渦を描いて斑模様に変わる空気の粘度、粘度の違いが屈折率の違いを産み。夕日がぐるぐると回り紅のカレイドスコープの通路を生み出す。
 まさに逢魔が時と言うべき紅い回廊に視覚を狂わされ斑な粘度は平衡感覚を狂わす。
 米占は感覚を狂わされ動きが鈍ったところを、粘度0、抵抗がない世界で最大速で放つ跳び蹴りに賭けていた。
 だが、米占は小出しにし過ぎた。最初からこれを放てば時雨も戸惑ったかも知れないが十分な予備知識を得た今では、無駄だった。
時雨はカレイドスコープの乱反射に彩られ、粘度の違いを利用した無軌道のようでいて現代アートのように美しいダンスで夕日の回廊を跳び回る。却って米占のほうが時雨の動きを捕らえることが出来なくなり、気付いた時には時雨は米占の真横に立っていた。
「終わりだね」
放つは死の一閃、普段の時雨なら人相手に躊躇ったかも知れない。
無残にも日常を奪われた人達の顔、助けられて逆に報酬請求する嫌な奴。こんな所で意味も無く無残に殺されていいはずなかった、たまにならデートくらいはしてあげてもいいから生きていて欲しかった。
もう少し早く着けば、救えた、助けられた。
悲しみと怒りと後悔が心より後から後から湧き上がり、慈悲なんてとっくに押し流された。
残った感情吐き出さなければ気が狂う。
常ならざる心が時雨から甘さを消した。
確実に心臓を剔る一閃。
「えっ」
 時雨の小太刀の一閃が届く寸前、ぶんと回って時雨は地面に叩きつけられた。
「ぐはっ」
「ワーム」
 呼びかけに応じるように地面から腕ほどの太さがあるミミズが飛び出し、ぐるんと時雨に巻き付きつ、ぐるんぐるんと服の下に潜り込み絡みついていく。
「くっ」
 肌をぬめぬめと這い回れる嫌悪感に顔を染めながらも時雨は辛うじて首だけは守ったが、ミミズは強引に時雨の体を締め上げていく。
「なっ何が」
 肉が絞められギシギシと骨が軋む音を聞きながらも時雨は見る。
「あまりボクの部下を虐めないでくれるかな」
 この場に最も相応しくない、不浄を脱ぎさったどこか仏像のように超越した青年だった。
 アルカイク・スマイルを浮かべたギリシャ彫刻のように整った顔に銀髪、どこか俯瞰した先を見る目。

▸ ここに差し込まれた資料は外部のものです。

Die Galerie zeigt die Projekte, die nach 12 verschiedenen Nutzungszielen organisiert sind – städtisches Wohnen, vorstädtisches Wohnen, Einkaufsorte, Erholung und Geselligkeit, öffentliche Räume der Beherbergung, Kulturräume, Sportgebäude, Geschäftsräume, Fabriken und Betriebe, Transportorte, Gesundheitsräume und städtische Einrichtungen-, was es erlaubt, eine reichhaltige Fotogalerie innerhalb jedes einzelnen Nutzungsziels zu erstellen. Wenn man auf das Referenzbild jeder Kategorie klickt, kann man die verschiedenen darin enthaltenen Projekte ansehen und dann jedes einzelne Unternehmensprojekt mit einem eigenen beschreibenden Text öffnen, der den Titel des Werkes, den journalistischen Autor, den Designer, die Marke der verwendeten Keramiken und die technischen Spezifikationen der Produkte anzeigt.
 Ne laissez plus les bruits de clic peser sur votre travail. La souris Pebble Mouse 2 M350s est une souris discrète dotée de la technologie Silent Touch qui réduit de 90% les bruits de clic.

白いYシャツに黒のスラックスの上から白茶のコートをラフに羽織っているだけだというのにモデルが歩いてくるようである。
「おっおまえは廻、どうしてここに?」
 時雨は現れた青年のことを知っている。二年ほど前に多数の退魔士達が退治に動いたのに、結局顔写真一枚残すのみで多くの退魔士達と共に行方をくらましたスキンコレクターすら越えるA級魔人。時雨も前埜から写真だけを見せられていた。そして、見かけたら迷わず逃げろと言われていた。

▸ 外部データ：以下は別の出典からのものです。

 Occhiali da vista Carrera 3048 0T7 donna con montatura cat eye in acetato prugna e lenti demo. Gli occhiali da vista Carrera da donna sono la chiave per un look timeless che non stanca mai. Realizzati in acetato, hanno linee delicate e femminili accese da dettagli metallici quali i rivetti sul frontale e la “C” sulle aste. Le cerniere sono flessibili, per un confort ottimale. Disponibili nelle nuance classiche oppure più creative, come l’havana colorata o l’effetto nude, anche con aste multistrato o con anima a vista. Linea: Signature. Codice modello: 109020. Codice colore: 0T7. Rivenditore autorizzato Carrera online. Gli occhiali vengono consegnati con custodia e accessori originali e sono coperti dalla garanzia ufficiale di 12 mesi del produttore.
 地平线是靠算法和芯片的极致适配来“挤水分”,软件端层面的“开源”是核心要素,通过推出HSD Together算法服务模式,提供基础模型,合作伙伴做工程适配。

「弱小組織だとトップ自ら動き回らないといけないんで大変なんだよ」
 廻は中小企業の若社長の営業回りのように言う。
「この人達のトップだって、それじゃ」
「ああ、レディーを前に自己紹介がまだだったね。
 僕がシン世廻のトップ、『廻 一』だ」
 廻は時雨に礼儀正しく一礼する、その一礼だけで惚れてしまう理由に十分すぎるほどに美しい。

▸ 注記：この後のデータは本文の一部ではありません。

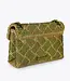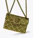 De Mini Fabric Kensington is gemaakt van een geel iriserende stof met kristallen versieringen in het Kensington-quiltpatroon. De groene adelaarskop is voorzien van kristallen en groene kristallen ogen op de voorflap.
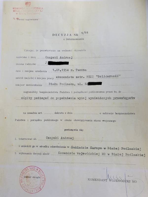 Pan Andrzej Czapski jako działacz Solidarności został internowany w nocy z 12/13 grudnia 1981 r. To właśnie doświadczeniami okresu stanu wojennego podzielił się z  uczniami z klas humanistycznych (na początku z klasą III Ag, a następnie z klasą III A). Pan Andrzej Czapski także przekazał szkole kopie dokumentów związanych z internowaniem oraz okresem PRL.

「廻様、すいません。セクデスを守り切れませんでした」
「まあ、しょうがない。僕もあんなに自信満々だったセクデス氏がこんなにもあっけなくやられるとは思わなかったよ。ヨーロッパから呼び寄せるのに掛かった手間や資金が無駄に終わったと思うと目眩がする」
 くらっと廻はしゃがんで脳漿が噴き出したセクデスを見る。
「狙撃隊を襲撃した後嫌な予感がして来て良かったよ。今ならまだ間に合う、最低限の投資は回収できるかな」
「まさか」
「しばらくの間頼めるかな?」
「命に代えても、廻様の邪魔はさせません」
 決意を固めた表情で米占が向く先にはジャンヌを退避させて戻ってきた矢牛がいた。
 生き残った警官隊は鬼が抑え、時雨はミミズに拘束されている。廻は最期に状況を確認すると深く大きく息を吸う。
「世界は廻る、廻回って世界は一つ。
個と世界に境無く区別なく。
廻る回る世界。
悪も善も無く始まりも終わりも無く、全ては一」
 廻の息は吐き出され世界は廻出す。